In vivo rat bladder, the 5-HT7 receptor antagonists can inhibit the 5-HT-induced increase of intravesical pressure, while the 5-HT3, 5-HT4 receptor antagonist had no similar effect . Recio confirmed that 5-HT can relax the pig urinary bladder neck through activation of muscle 5-HT7 receptors coupled to adenylyl cyclase activation . While it has been reported that intravenous injection of SB-269970 had no effect on urodynamic parameters in anesthetized female spinal intact rats, intracerebroventricular injection (i.c.v.) of 5-HT7 receptor antagonist SB-269970 could induce an increase in bladder pressure threshold and capacity, a significant decrease in distension-induced bladder contraction. At the higher doses, SB-269970 blocked the micturition reflex. It means that the superspinal 5-HT7 receptors are involved in the regulation of urinary reflex, while peripheral nervous systems such as the spinal cord of 5-HT7 receptor are unable to control the micturition reflex .

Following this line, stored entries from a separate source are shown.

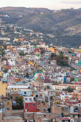 Very beautiful view of the city at sunset in the Mexican city of Guanajuato surrounded by large mountains.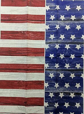 TWO Individual Paper Guest Decoupage Napkins - 1435 Wood Patterned American Flag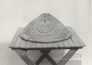 Sagoschaal, beschilderd met mensgezicht, Koywud, Sep...
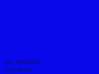 Hex #0808eb Color is a normal blue color and the nearest color is Blue #0000ff. Hex code #0808eb and RGB value is rgb(8,8,235). In RGB color space, this color is composed of 3% red, 3% green, 92% blue, In CMYK color space, this color is composed of 97% cyan, 97% magenta, 0% yellow , 8% black , In HSL color space, this color has a hue angle of 240° , 93% saturation and 48% lightness.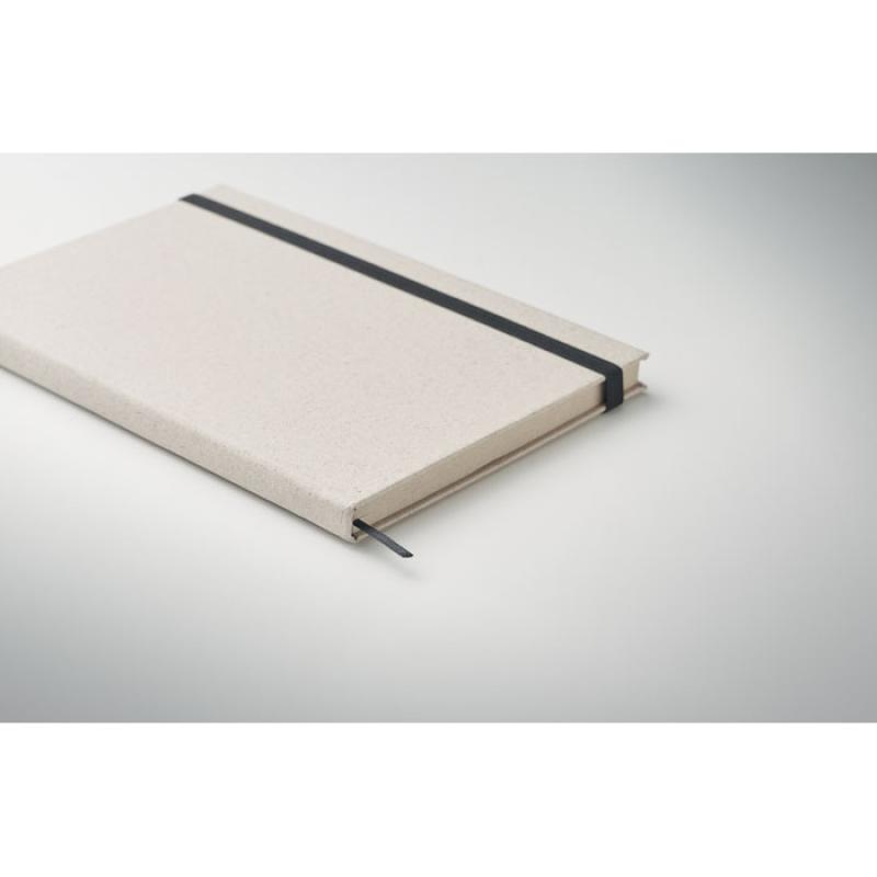 Notatnik A5 z 80 kartkami w linie z papieru z włókien trawy i kartonową okładką. Idealny na spotkania w biurze lub zajęcia w szkole. Papier z trawy to doskonały i świadomy upominek promocyjny. Proces produkcji jest zrównoważony od początku do końca i bardziej przyjazny dla środowiska niż tradycyjny papier drewnopochodny. Wyprodukowano w UE.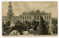 Materias: Plaza de Armas (Santiago, Chile) - Arquitectura colonial - Arquitectura del paisaje - Santiago - Escultores - Tarjetas postales - Edificios históricos - Monumentos - Chile - Fotografías - Rosales Larraín, Francisco Javier - Municipalidad de Santiago (Chile) - Museo Histórico Nacional (Santiago, Chile) - Orsolino, Francisco - Santiago (Chile : Ciudad) - Historia
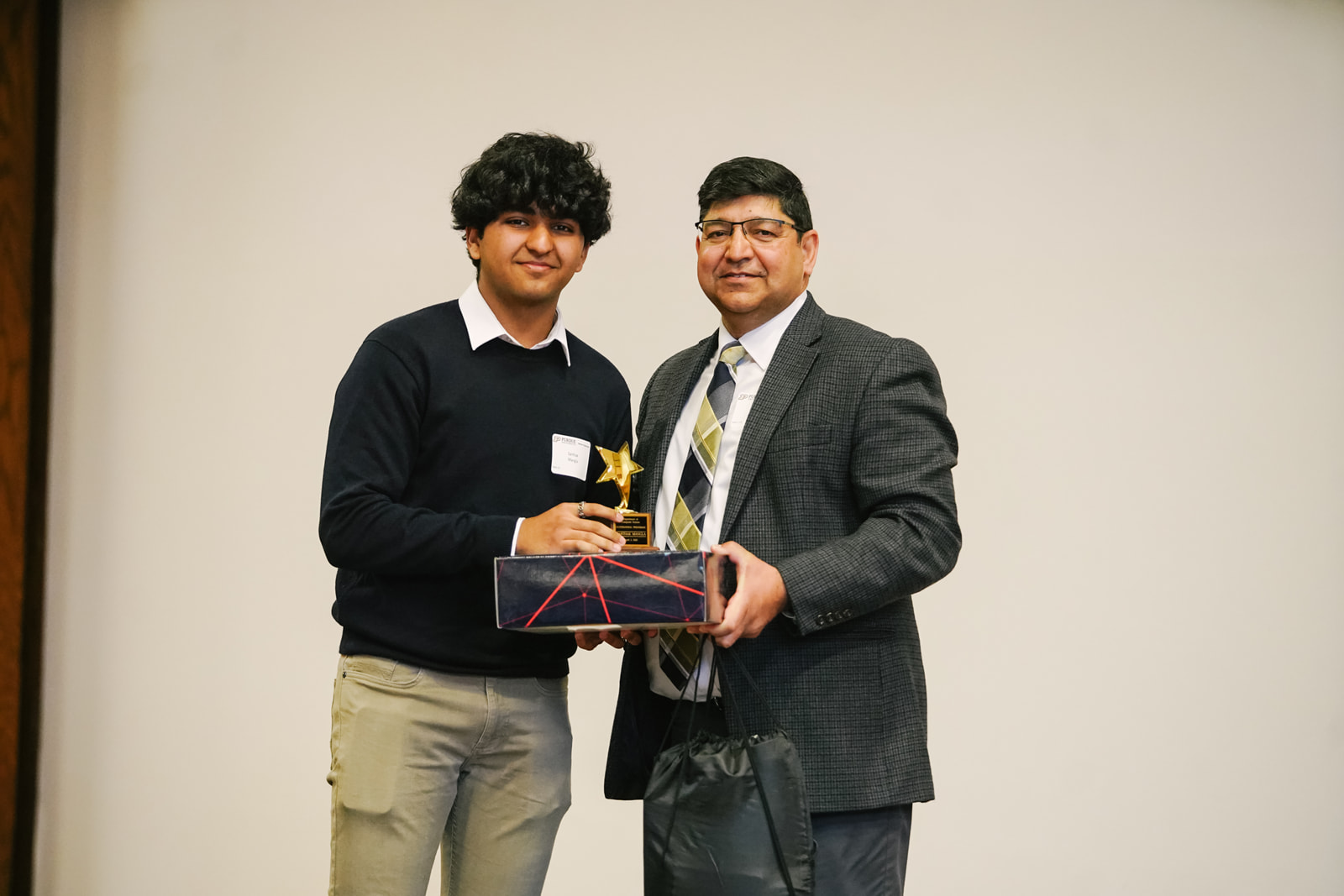 Arslan Khan, president of the Graduate Student Association present awards that were selected by graduate students. For the Most Influential Professor Award, Professors Kent Quanrud and Xiangyu Zhang were selected.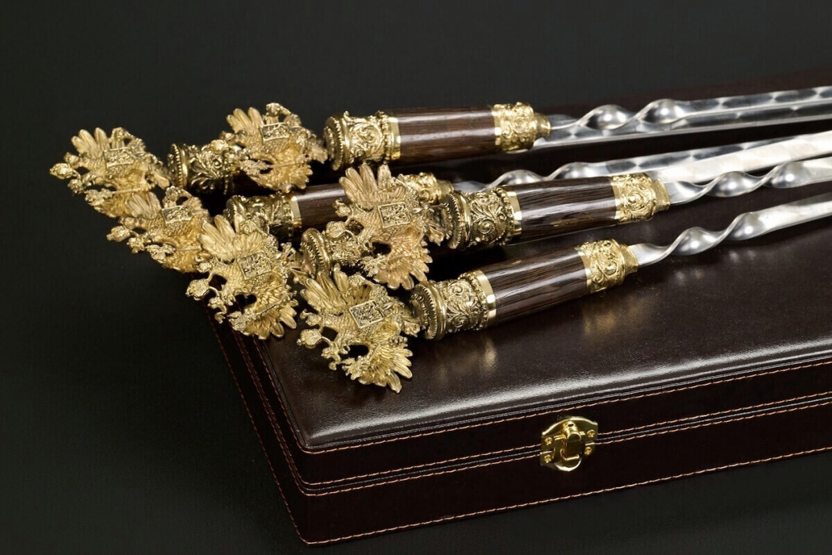 Шампуры ручной работы «Держава» - это очень красивый и практичный подарок, их можно вручить практически на любой праздник или событие. Каждый Двуглавый орел изготовлен из латуни, имеет идеальную детализацию и прорисовку всех элементов.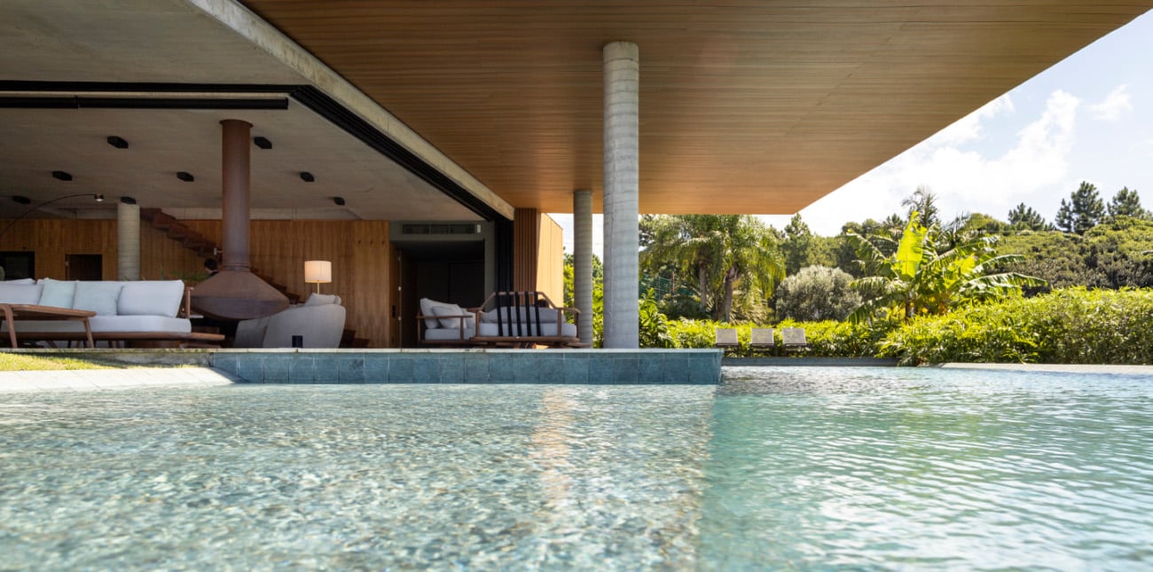 A piscina de 18 x 7 metros prolonga-se desde a frente do lote, projetando-se em balanço em direção à praia, conferindo uma sensação de continuidade entre as águas. Estende-se sobre ela o segundo pavimento, que abriga a área íntima. As três suítes, bem como o estar da família, neste andar, voltam-se para a vista sobre o lago, que é sul.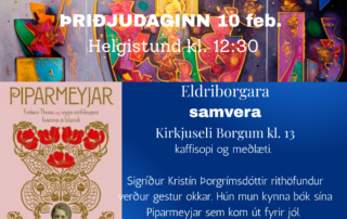Samvera eldri borgara í Kirkjuselinu Borgum. Helgistund kl. 12:30. Þriðjudaginn 10 febrúar fáum við góðan gest til okkar í eldriborgara samveruna. Sigríður Kristín Þorgrímsdóttir rithöfundur kynnir bók sína Piparmeyjar. Afskaplega skemmtileg og vel samin bók [...]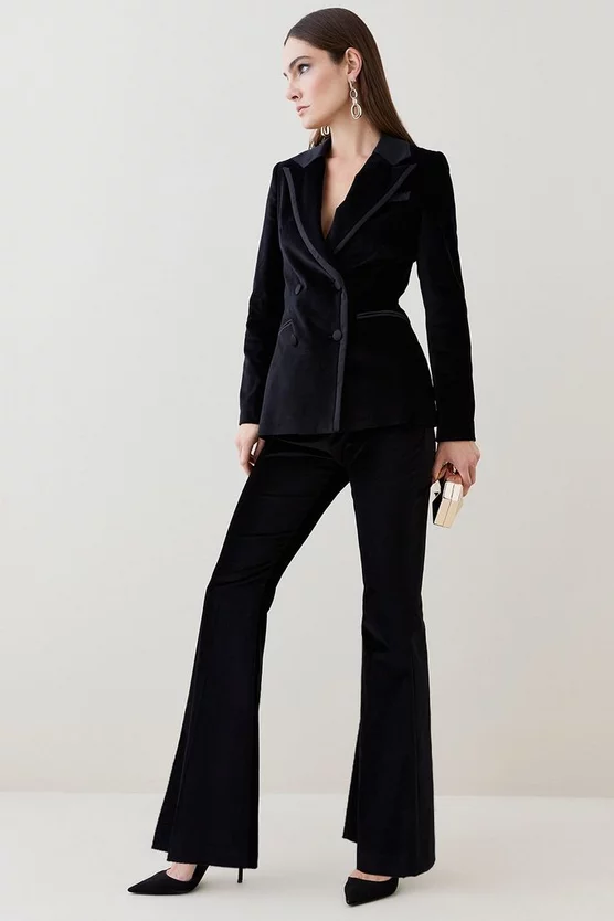 Main: 73% Cotton, 25%, Modal, 2% Elastane. Excluding trims: Lining: 100% Polyester. Dry clean only. Model wears UK 8/US 4. Model height: 5″9. Leg length measurement: 83cm.

In summary, the 5-HT7 receptor agonist, LP-211, improved voiding efficiency by different functions of the bladder activity and also, this research adds to the growing evidence of the importance of the 5-HT7 in the control of micturition reflex in SCI rats, and so may represent a new strategy to improve bladder voiding efficiency after SCI in experimental studies. LP-211 activated 5-HT7 receptor and facilitated the micturition reflex, which showed some clinical relevance regarding the voiding efficiency after SCI. however, further studies are necessary to clarify the role of the 5-HT7 receptor agonist, LP-211 on bladder activity.
This study was supported by Tehran University of Medical Sciences (Grant No.2014-02/85/2527).